Beyond Third-Person Audits: Situated Interaction Auditing for User-Centered LLM Bias Research

arXiv:2606.12247v1 Announce Type: cross Abstract: Research on bias in large language models (LLMs) has predominantly focused on third-person audits, which study how models represent or evaluate demographic groups as external subjects. However, this paradigm overlooks a structural blind spot because the user is absent from the audit. In practice, LLMs are used in open-ended, personal interactions, during which the model implicitly represents the user and adjusts its responses accordingly. When identical requests yield different responses depending on who is asking, bias manifests not in how the
The proliferation of LLMs in diverse user interactions necessitates a more nuanced understanding of bias beyond static, third-person audits, reflecting the dynamic nature of their real-world application.
Understanding how LLMs exhibit bias in situated, personal interactions can deeply influence public trust, regulatory frameworks, and their ethical deployment across sensitive applications.
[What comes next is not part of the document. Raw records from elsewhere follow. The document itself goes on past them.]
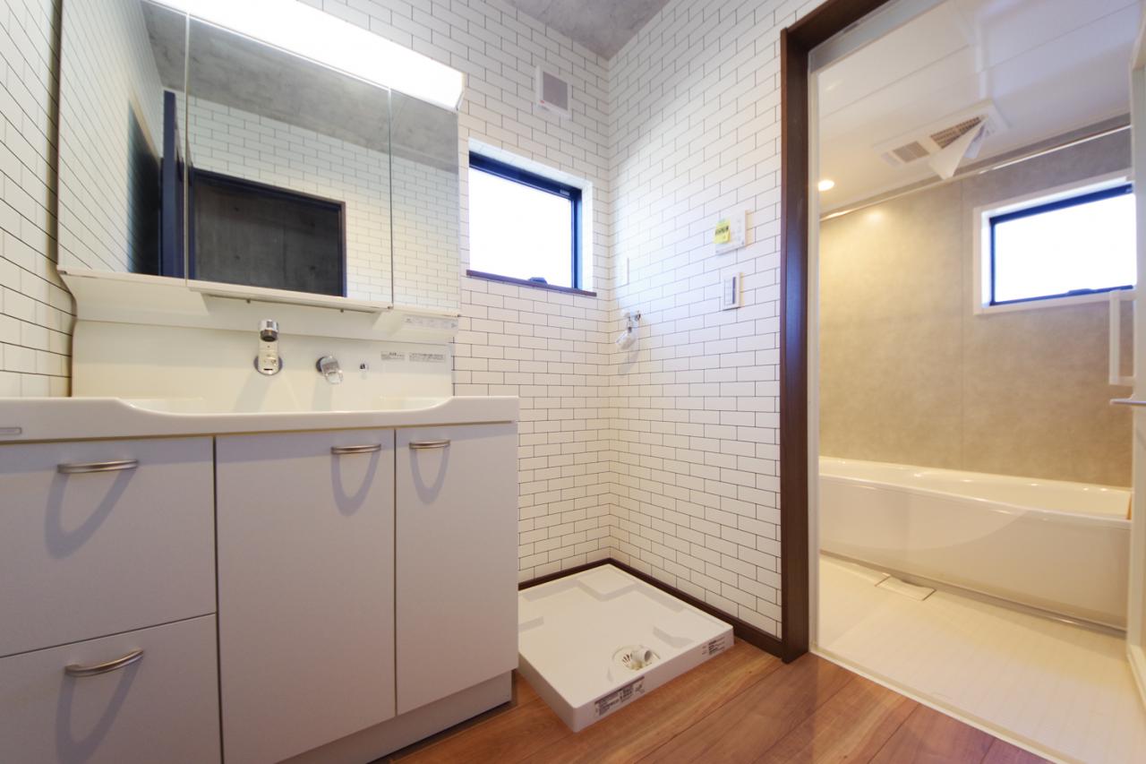 【洗面室】毎日使う洗面室にもこだわり、住まい全体でブルックリンスタイルを統一。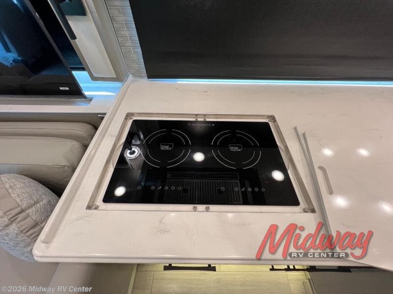 With triple slides including a full-wall slide, this spacious coach will feel just like home! Once you arrive at your destination, lunch can be made on the all-electric induction cooktop or in the stainless steel convection microwave. There is a Euro booth dinette (non-sleeper) where you can dine together, and you'll find additional seating spaces on the hide-a-bed sofa and jack-knife sofa. The mid-coach half bath will be easily accessible to use during the day, and a full rear bath will let you freshen up in the evening. Here, you'll find a 40" x 30" shower with a seat and two wardrobes for towels and clothes. And don't overlook the master bedroom with its retracting king bed slide, dual shirt wardrobes, a dresser, plus a Samsung LED TV to watch movies in bed!
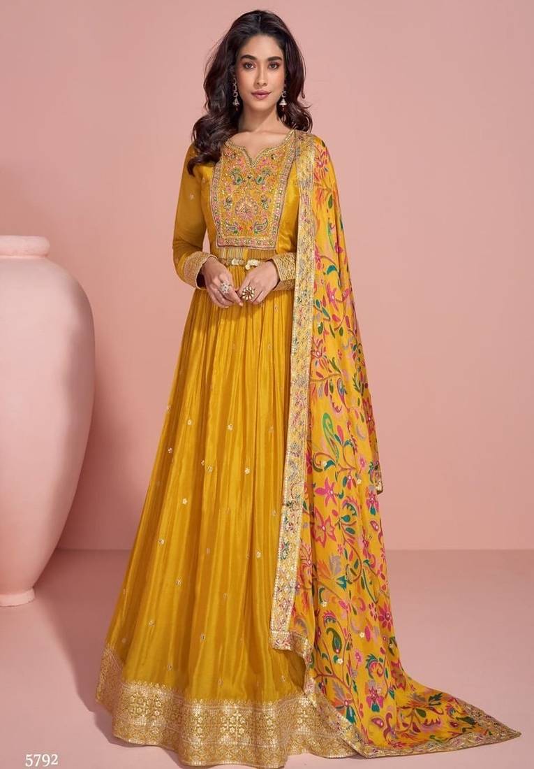 Mustard Chinon Silk Long Gown With Print Embroidery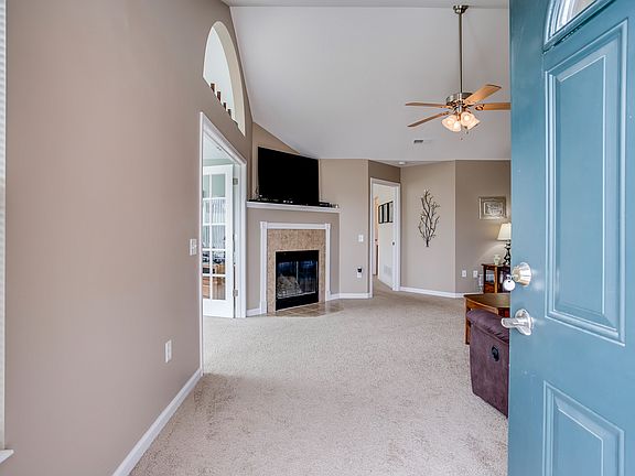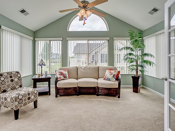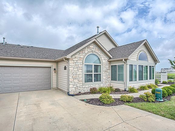 Abbey floor plan. Lake views. 2 bedrooms 2 baths. Only one owner, ready to move into. Cathedral ceilings, ceramic tile, nice a bright with plenty of windows.Large eat-in kitchen has stainless appliances. Large living room with gas fireplace and open dining room. A large sun room has double French doors that open into the living room, great for entertaining. The master bedroom has a private master bath and walk-in closet. The master bath has a spa tub with aqua jets. Two car garage has attic storage w/pull down stairs. Monthly fee covers exterior maintenance, snow removal, lawn care, master insurance policy. Clubhouse, pool and fitness room included. Don't miss the virtual tour and floor plan.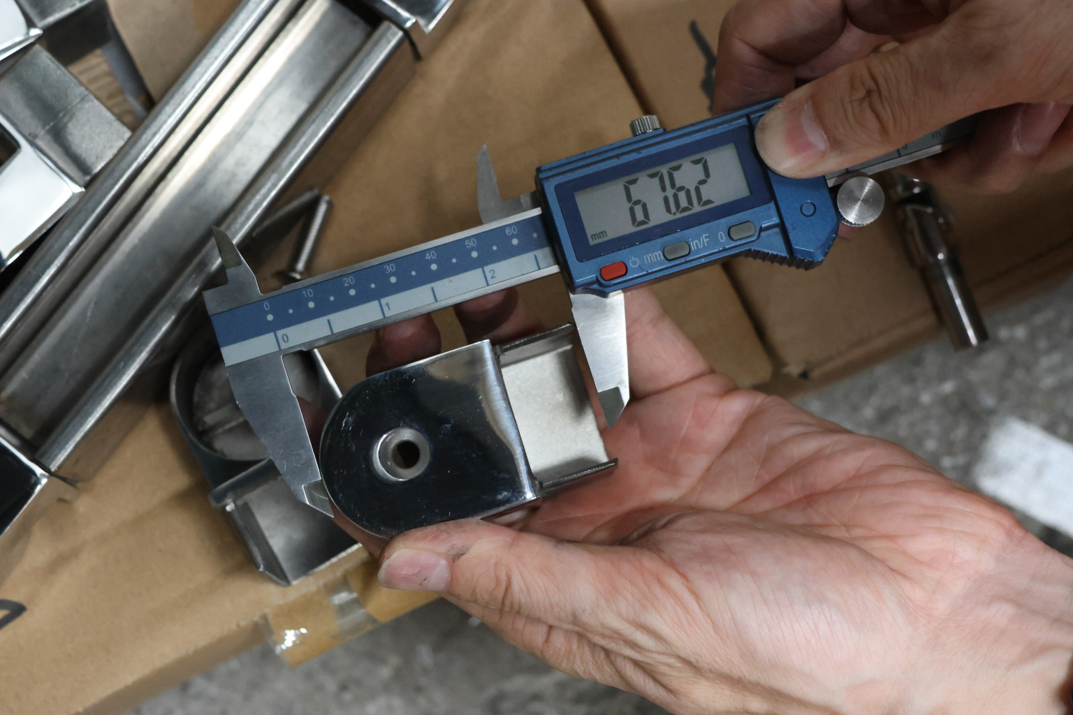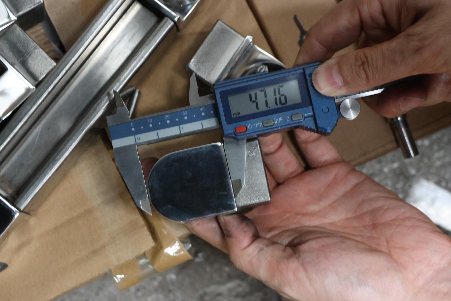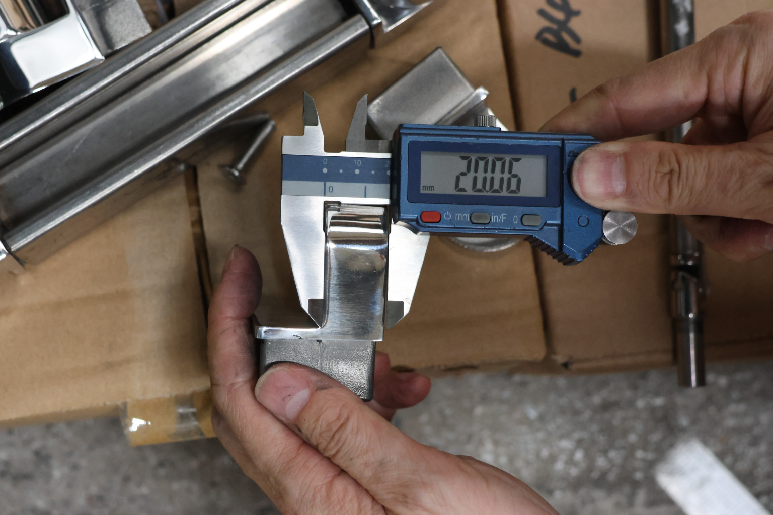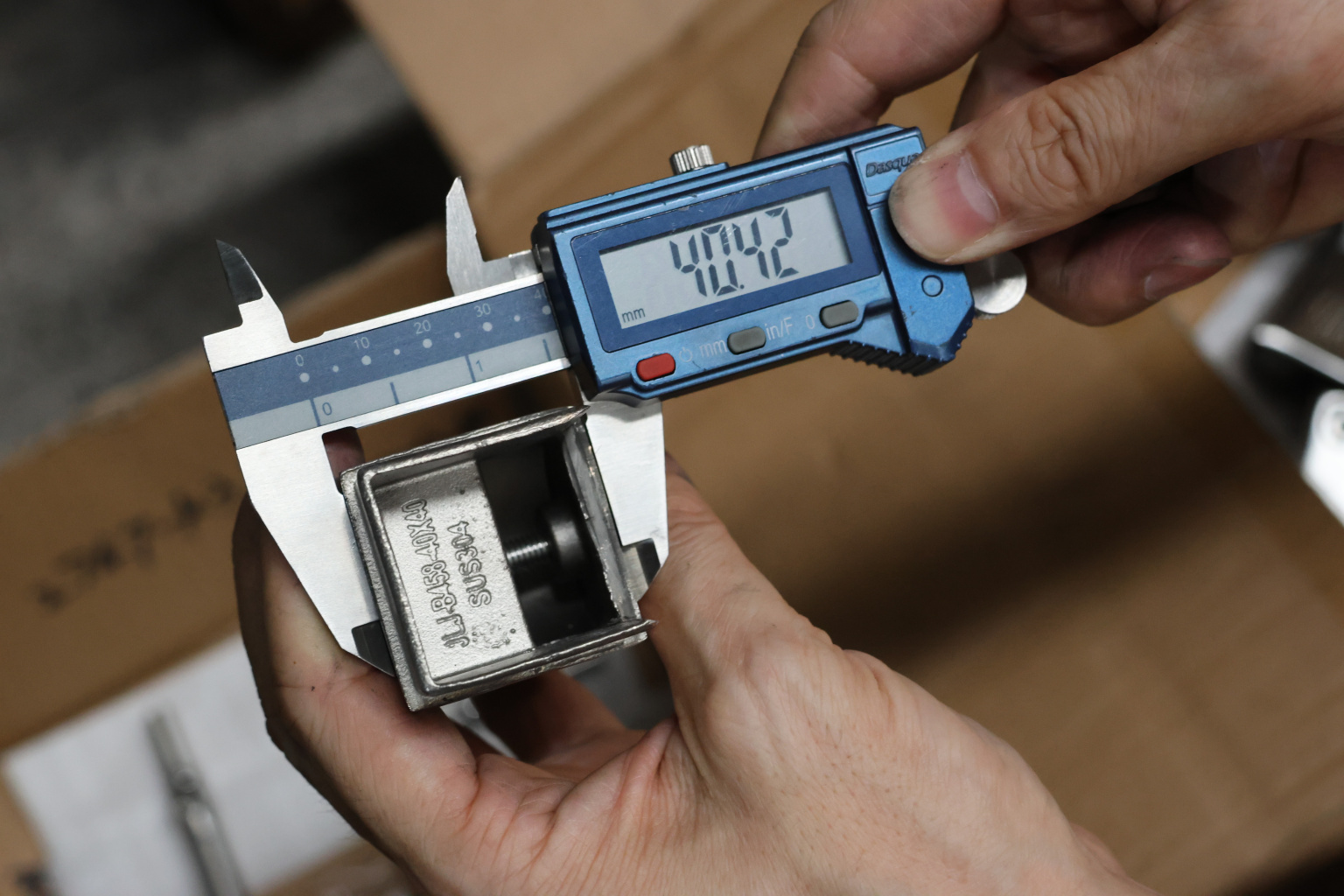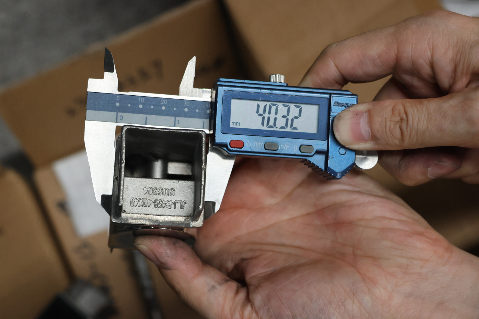 Отвод для поручня с пазом 40х40 мм, шарнирный, полированный. Марка стали - AISI 304

The focus for mitigating LLM bias shifts from solely auditing static model outputs to also analyzing and addressing how models implicitly represent and adjust to individual users, revealing a more complex and personalized form of bias.
- · Ethical AI researchers
- · Companies prioritizing user-centered AI development
- · Auditing frameworks beyond generic benchmarks
- · LLMs with unmitigated interactional bias
- · Companies relying solely on third-person bias audits
- · Generic, one-size-fits-all AI governance initiatives
Research efforts will increasingly pivot towards understanding and mitigating 'situated interaction bias' in LLMs.
New AI safety and ethical guidelines will emerge, requiring LLM developers to demonstrate fairness in dynamic user interactions, not just static evaluations.
Public perception of LLM fairness will become increasingly tied to personalized experiences, potentially leading to demands for 'explainable and customizable fairness' in AI applications.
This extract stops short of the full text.